→ Task statement: Each line in the material below, starting at the one that contains "The design challenge" and ending at the one that contains "8.The G7 sweeper", should be repeated exactly; the pictures should not.

**** Recorded information

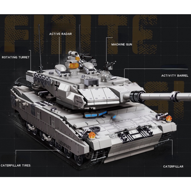1498PCS MOC WW2 Leopard 2A7 Treads Tank Model Toy Building Block Brick Gift Kids New Set
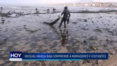 La playa de Huanchaco se ha convertido en punto de pesca para visitantes y moradores, debido a la gran cantidad de piedras y la inusual retirada del mar en horas de la mañana.
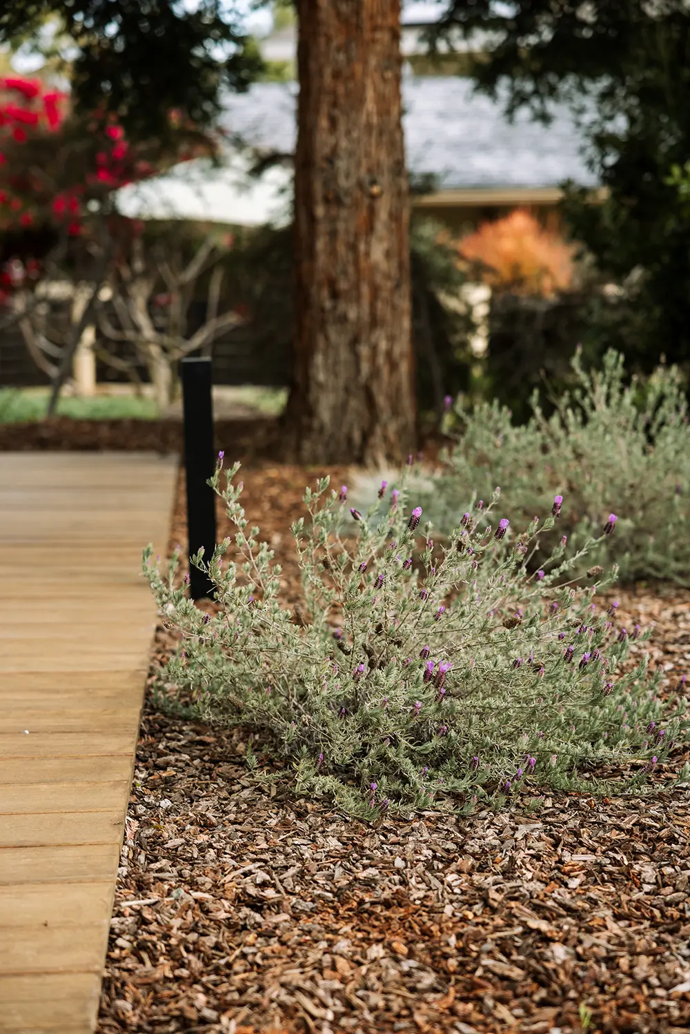 The design challenge here was to solve the grade issues while complementing the architecture of the house and we love how this one came out.
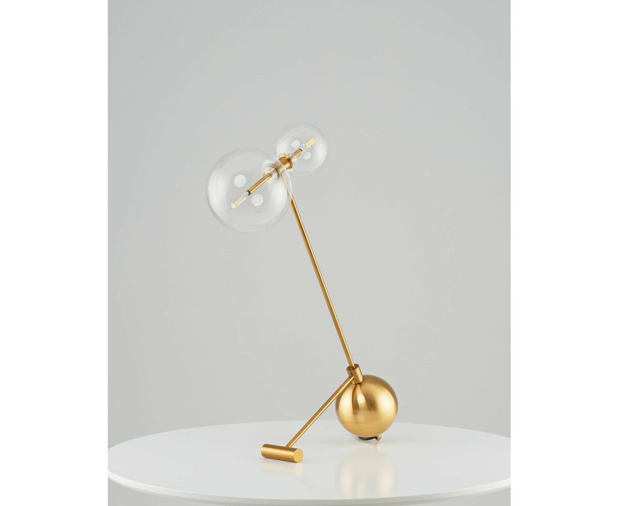 Оригинальная настольная лампа Bizet. В любом современном интерьере лампа не останется без внимания. Необычный дизайн достигается за счет конструкции. Гармонично сочетаются прозрачные плафоны разного диаметра и металлический каркас латунного цвета. В качестве источника освещения подойдут лампы с цоколем G4. Креативное дополнение для зала, гостиной или рабочего кабинета.
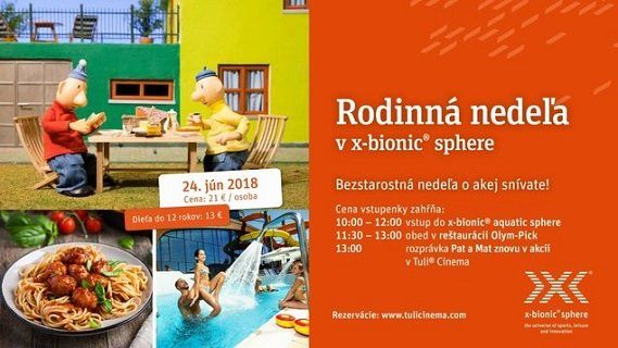Užite si spoločnú nedeľu naplno. Žiadne starosti, len zábava. My sa o všetko postaráme, vy budete spolu tráviť aktívne čas. Na jednom mieste ponúkame bazénovú zábavu, obed pre malých aj veľkých a film, pri ktorom sa nebudú nudiť ani rodičia.
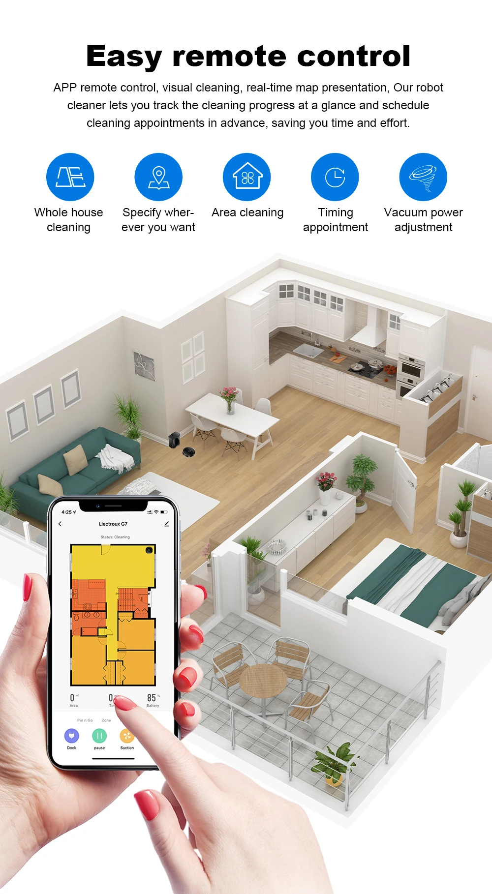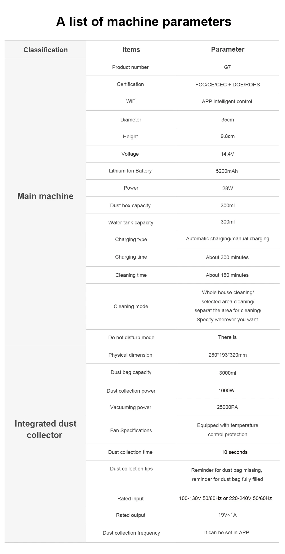 8.The G7 sweeper can save up to 5 maps, which saves time and electricity.ap Upload & Storage on APP.
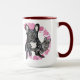 Pour la personne qui aime les Français dans un monde qui aime les Français. Ce dessin ultra-sucré présente une cascade de coeurs de Saint-Valentin tourbillonnant derrière une illustration dessinée à la main d'un Bulldog français à la broche noire tenant sa poupée française : Frenchie aime carré! Paire avec une grande tasse de tasse rouge de support et de poignée (mais n'hésitez pas à choisir la combinaison de couleurs qui vous convient le mieux). OEuvre originale et design exclusif de l'artiste du Nord-Ouest du Pacifique (et propriétaire français) Diana Crites of Woebegone Art.
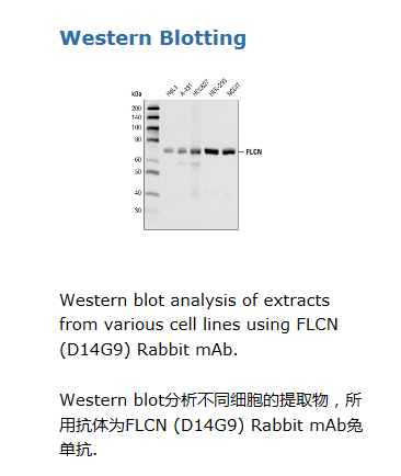 FLCN (D14G9) Rabbit mAb detects endogenous levels of total FLCN protein.
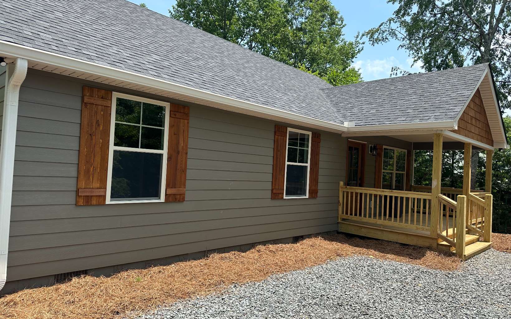 We currently have this 3 bed 2 baths currently under construction, in the sought after Coosawattee community. All of the bedroom ceilings are vaulted and wood covered, all interior doors are wood and stained to match. The living room/kitchen combo is accented by the fireplace and plenty of lighting.
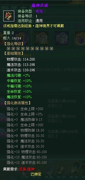 活动期间内,累计充值第二,可以获得【八品强化石】*1、【蕴神灵戒】*1(需满足活动期间内累计1000以上的充值)
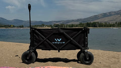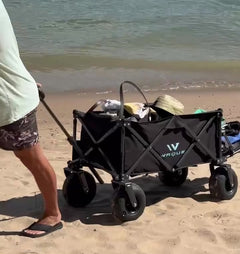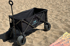 Designed to carry up to 220 pounds with ease, this wagon is ideal for moving heavy loads even on soft sand, thanks to its robust balloon tires built to withstand sharp rocks and high heat. Its tailgate enhances versatility by securely attaching umbrellas or longer items, rather than just carrying them on the wagon bed. Featuring a heavy-duty steel X-frame that folds effortlessly for convenient storage and transport, this wagon delivers reliable performance. The large 9-inch wheels ensure smooth movement over sand, grass, pavement, and rough terrain. Crafted with durable black fabric and a reinforced frame, it offers ample cargo space for beach trips, gardening, camping, and more. When folded, it measures 24 x 18 x 8 inches and includes ergonomic foam handles for comfortable handling.

********

→ Solved exercise:
 The design challenge here was to solve the grade issues while complementing the architecture of the house and we love how this one came out.
 Оригинальная настольная лампа Bizet. В любом современном интерьере лампа не останется без внимания. Необычный дизайн достигается за счет конструкции. Гармонично сочетаются прозрачные плафоны разного диаметра и металлический каркас латунного цвета. В качестве источника освещения подойдут лампы с цоколем G4. Креативное дополнение для зала, гостиной или рабочего кабинета.
Užite si spoločnú nedeľu naplno. Žiadne starosti, len zábava. My sa o všetko postaráme, vy budete spolu tráviť aktívne čas. Na jednom mieste ponúkame bazénovú zábavu, obed pre malých aj veľkých a film, pri ktorom sa nebudú nudiť ani rodičia.
 8.The G7 sweeper can save up to 5 maps, which saves time and electricity.ap Upload & Storage on APP.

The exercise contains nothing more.